How to Use a Promissory Note

A promissory note is a written promise to pay a specified sum of money to another party.

The note will normally specify terms under which payment is to be made. For example, the note may require the payment of a lump sum of money on a specified date, it may require periodic payments, or it may be payable on demand.


Drafting a Promissory Note

A well-drafted promissory note identifies:

  • The parties to the agreement,
  • The amount of the obligation,
  • The consideration given in exchange for the obligation. (A description of what the debtor receives in exchange for signing the note),
  • The interest rate (if any) that applies to the balance owed under the note, and
  • Terms of repayment: When, where and how the obligation is to be repaid.

A promissory note may also include additional provisions. For example, a note may include an acceleration clause, a provision that makes the remaining balance of the note immediately due if a payment is missed.

The promissory note will be dated and signed by the party who is promising repayment.

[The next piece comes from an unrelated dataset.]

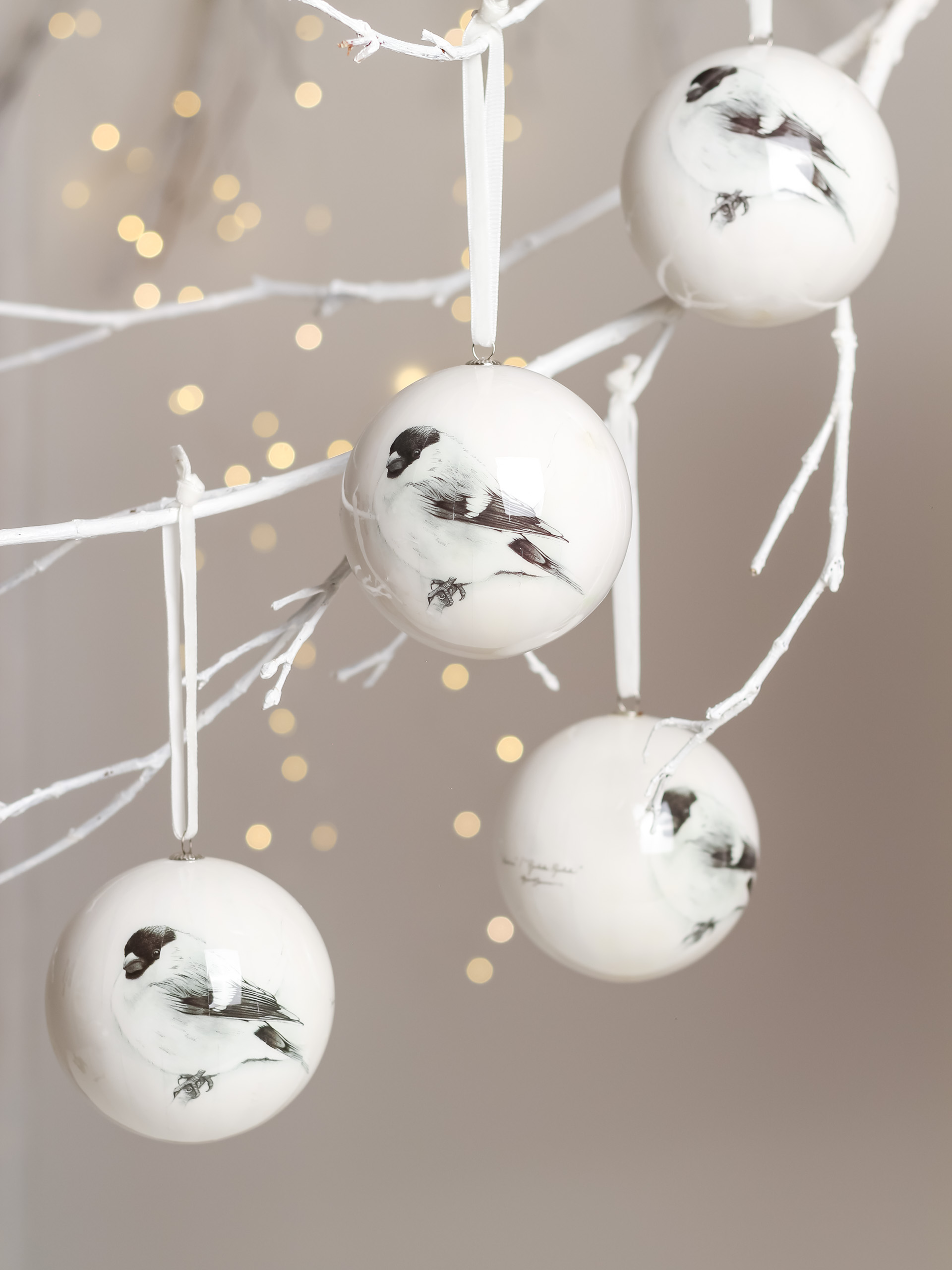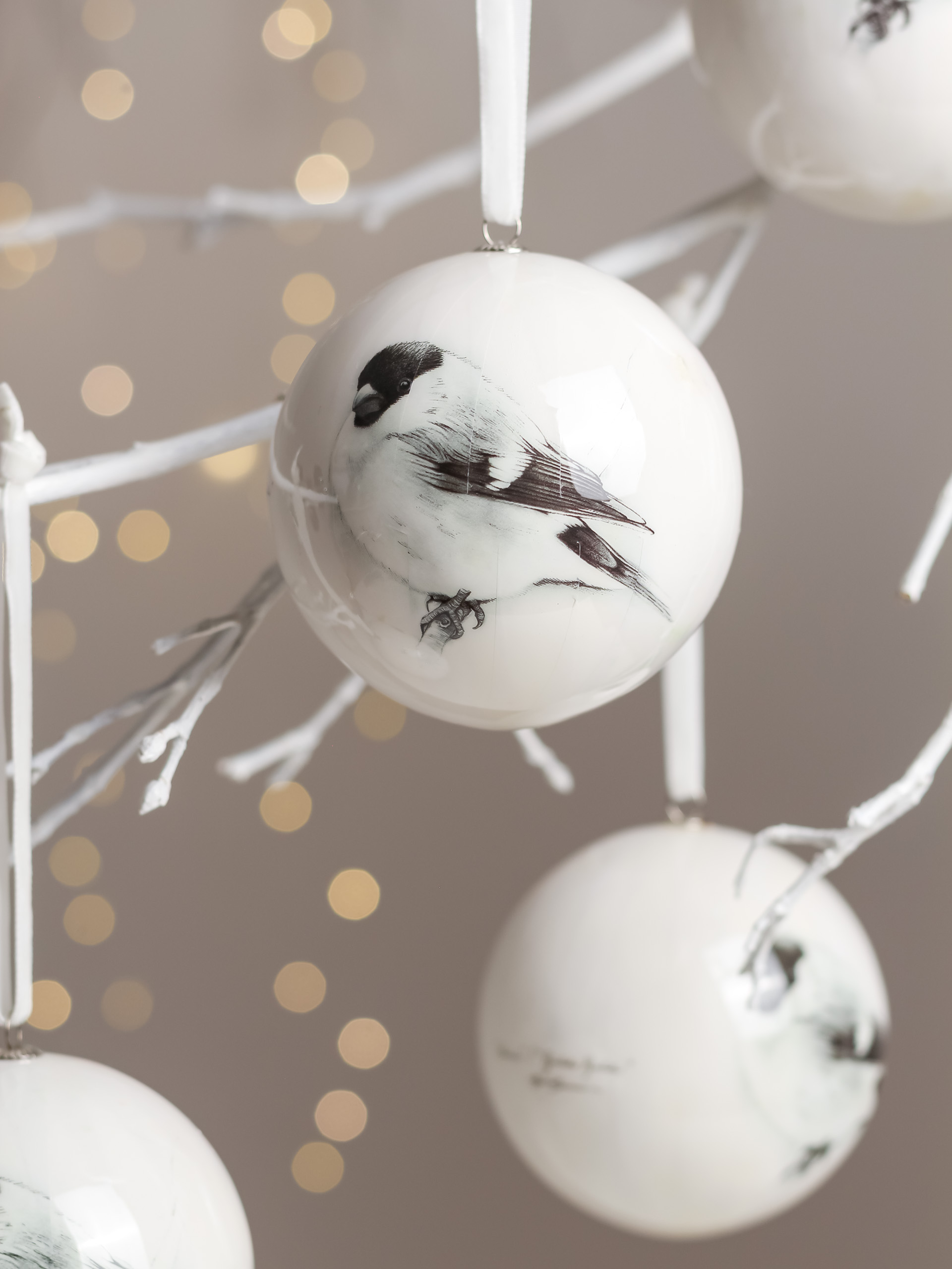 Švelnus, minimalistinis ir jaukus – šis stiklinis burbulas su sniegenos iliustracija įneš į šventes ramybės ir gamtos elegancijos. Subtilus piešinys primena žiemos tylą, kai paukščiai tampa tikru stebuklu ant balto sniego. Tai puikus pasirinkimas tiems, kurie renkasi natūralų, ramių tonų dekorą ir nori, kad jų eglutė atrodytų švelniai, bet išskirtinai.

When drafting a promissory note, be careful to consider state usury laws, the laws defining the maximum interest rate you are allowed to charge. Violations of usury laws may trigger serious civil consequences, such as the loss of any right to collect interest on the debt. Some violations may even result in criminal charges.

Terminology

The following legal terms may be used in a promissory note:

  • Promisor: A promisor is the person who makes a promise. In the context of a promissory note, the promisor is the person who promises to repay the loan or obligation secured by the note. The promisor may also be called the payor or the obligor.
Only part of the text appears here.